Der Kunde hat das Produkt im ersten Wahrheitsmoment (First Moment of Truth), der ihn zum Kauf gebracht hat, noch nicht live gesehen oder anfassen können. Anders eben als im stationären Handel, in dem das eben zum Kaufentscheidungsprozess dazu gehört.
Ebenfalls anders als im stationären Kauf, liegt online zwischen der Kaufentscheidung und dem Second Moment of Truth eine Wartezeit. Das Paket muss versendet werden, die Lieferung abgewartet. Es ist also ohnehin schon eine Phase der latenten Unsicherheit. Umso wichtiger wird aber eben der erste Eindruck – beim Empfang des Pakets.
Wenn das Paket schon so aussieht? Wie sorgfältig arbeitet da wohl der Verkäufer in anderen Dingen?
Sieht es so aus, wie in meinem Pflanzenfall und hat ein „Vorsicht Glas“ – Tape auch noch für zusätzliche Verunsicherung und Verwirrung gesorgt, ist die Stimmung erstmal negativ.
Im schlimmsten Fall verweigert der Kunde sogar ganz die Annahme (was mein erster Impuls bei einem zerdellten Paket mit „Vorsicht Glas“ – Aufkleber war).
Verpackung und Customer Journey
Die Verpackung gehört zur Customer Journey! Eben nicht nur das sorgfältige Verpacken, sondern auch der Zustand bei Ankunft.
Liebe Händler, aus den Augen ist nicht aus dem Sinn. Denn es ist nur aus euren Augen.

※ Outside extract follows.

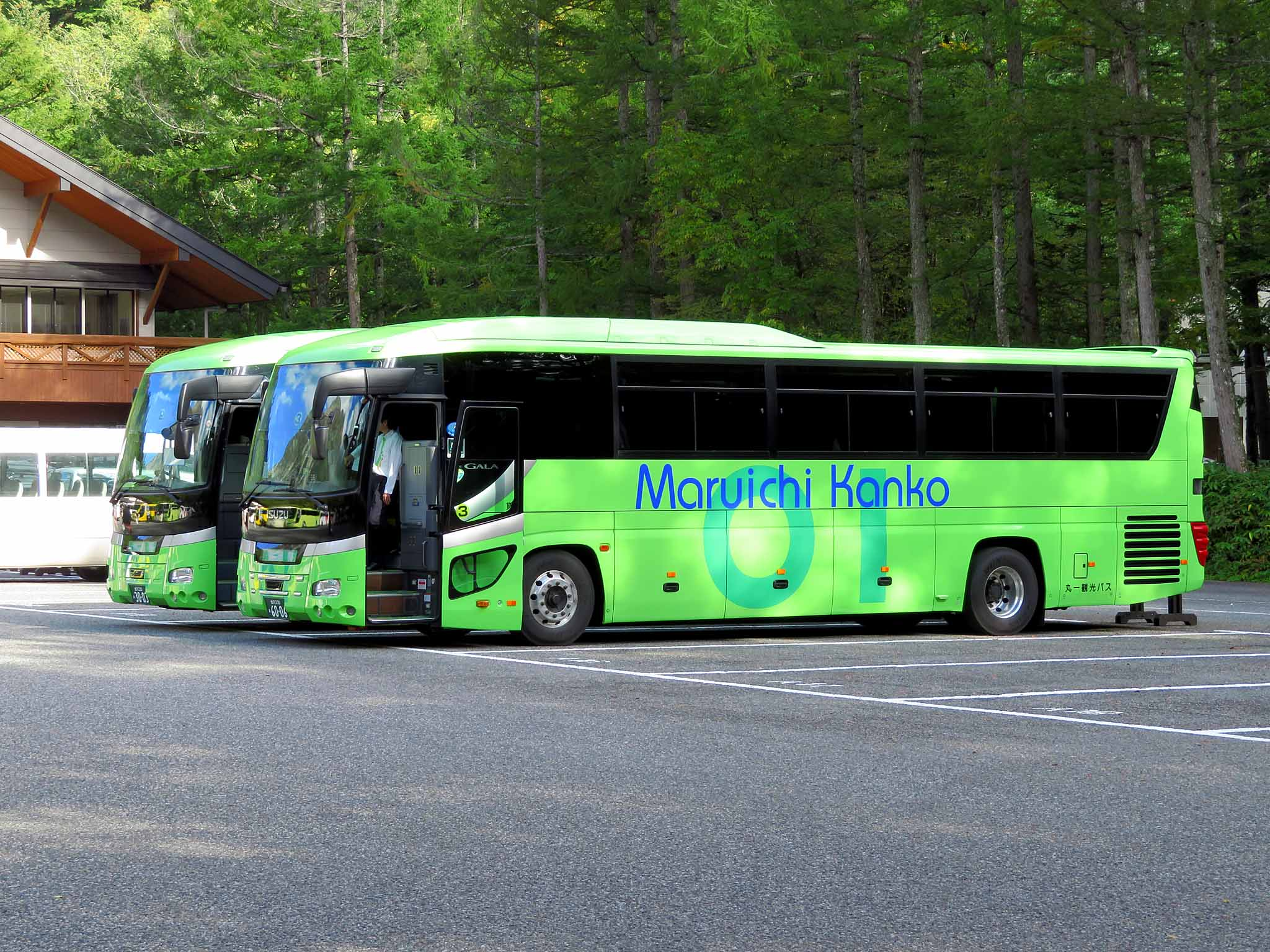 Fleet of Maruichi Kanko, Ishikawa. Model: Isuzu Gala HD RU1ES or RU1AS License plate: ISK230A6006 and ISK230A3003 Place: Kamikochi Bus Terminal, Matsumoto City, Nagano Japan

Etwas, das ihr gut denkt, kann beim Kunden sehr anders ankommen. Kümmert euch also um taugliche Verpackungen oder arbeitet proaktiv: Sagt euren Kunden: Wir versenden unsere Pflanzen durchnässt, damit sie bis zu dir, lieber Kunde, überleben. Dadurch kann das Paket aufweichen und unansehnlich werden, mach dir keine Gedanken.
Sicherlich gibt es in meinem Fall des Pflanzenversands Gründe dafür, kein Plastik einzusetzen (ökologische Gründe, Pflanzen könnten „absaufen“ etc), vielleicht sogar einen Grund für den „Vorsicht Glas“-Aufkleber (man hatte kein anderes mehr, es sollte aber trotzdem schnell gehen, vielleicht ist es die Hoffnung, der Paketdienstleister geht vorsichtig mit dem Paket um). Es sind nur eben Gründe, die sich einem Kunden nicht unbedingt erschließen. Im schlimmsten Fall ist der Kunde am Ende verärgert.